**Exercise description**: The line containing "E-tidning- Bilaga Bilaga" marks the end; write out exactly every line from the start of the data up to and including it, without the pictures.

**Data shown**:
========================

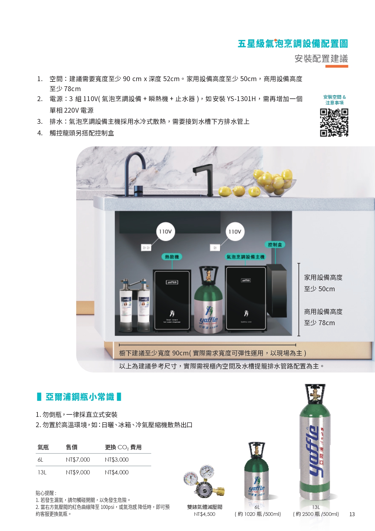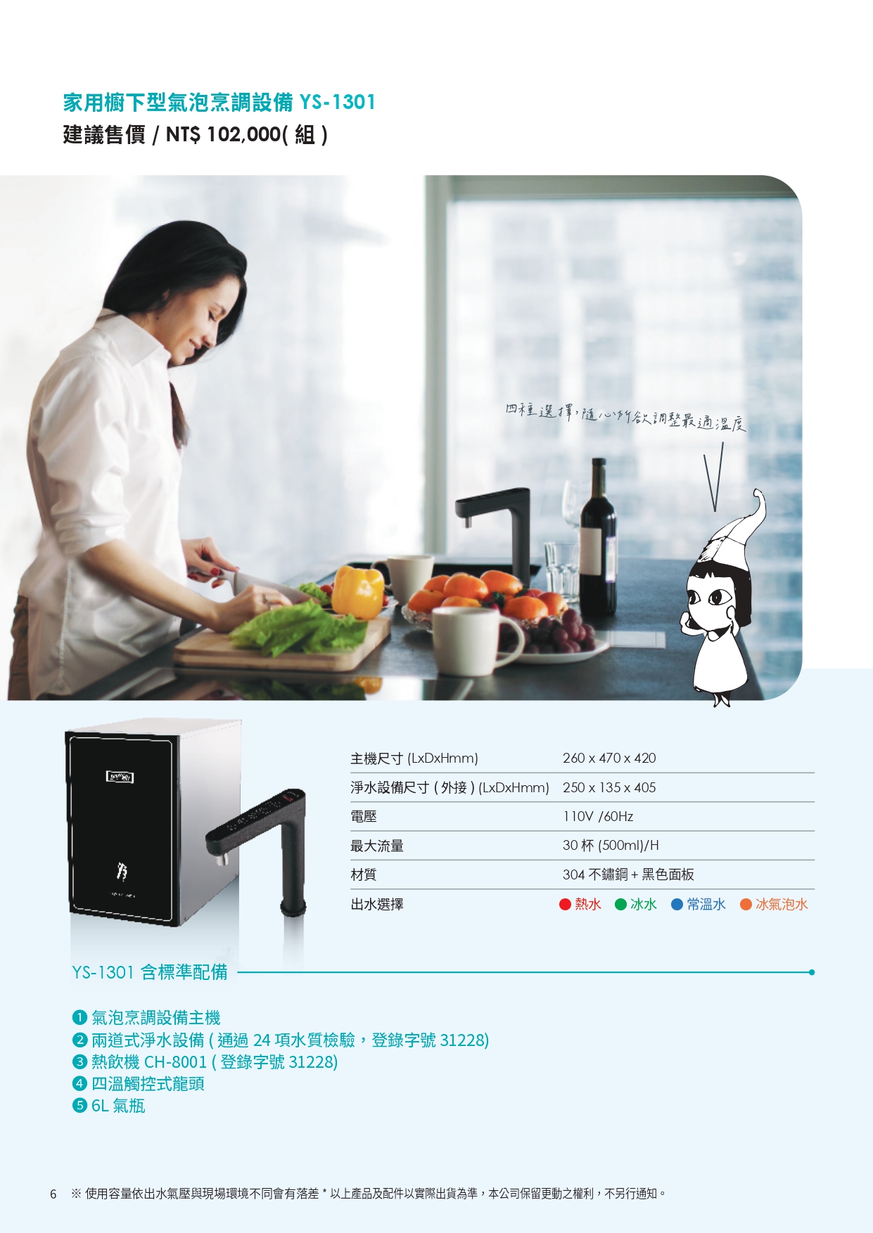 氣泡烹調設備主機、觸控式四溫龍頭、兩道式淨水設備、熱飲機CH-8001、6公升氣瓶
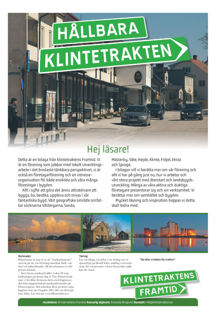 E-tidning- Bilaga Bilaga Gotland Gratistidning – Klintetraktens Framtid (vecka 20, 2023) Av redaktiongotland - 2023-05-18 FacebookTwitterPinterestWhatsApp Klicka här! om inte E-tidningen visas nedan.
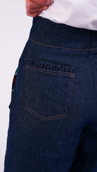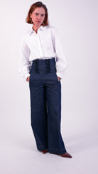 The forever tailored denim trouser that will be the staple item in your capsule collection all year round. These trousers have a flattering silhouette with a high waistband that gently tapers and falls to wide legs. Front ruffles add a decorative contrast stitch detail, as well as contrast pockets for practicality. The ultimate attention to detail has gone into creating beautiful back pockets with VAAI signature ruffles. Crafted with recycled stretch cotton for comfort. Wear with a sweatshirt and sneakers for a casual look, a blazer and cowboy boots for an elevated daytime look, or add glamour by pairing with a silk shirt and heels. Either way, it makes for an elegant all-day-to-night edit.
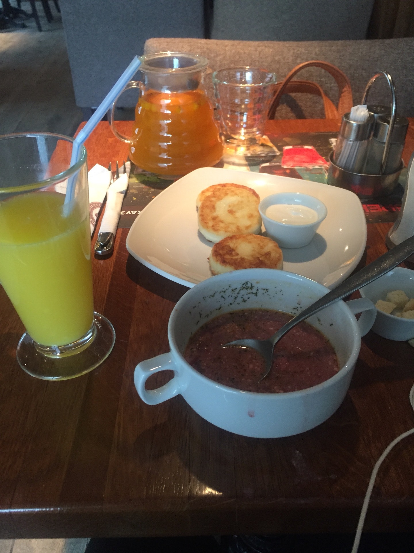 Была два раза в обеденный перерыв. Очень медленные официанты!!! И не сказать, что дружелюбные. В целом более-менее вкусно, но обслуживание на тройку.

========================

**Completed task**:
 氣泡烹調設備主機、觸控式四溫龍頭、兩道式淨水設備、熱飲機CH-8001、6公升氣瓶
 E-tidning- Bilaga Bilaga Gotland Gratistidning – Klintetraktens Framtid (vecka 20, 2023) Av redaktiongotland - 2023-05-18 FacebookTwitterPinterestWhatsApp Klicka här! om inte E-tidningen visas nedan.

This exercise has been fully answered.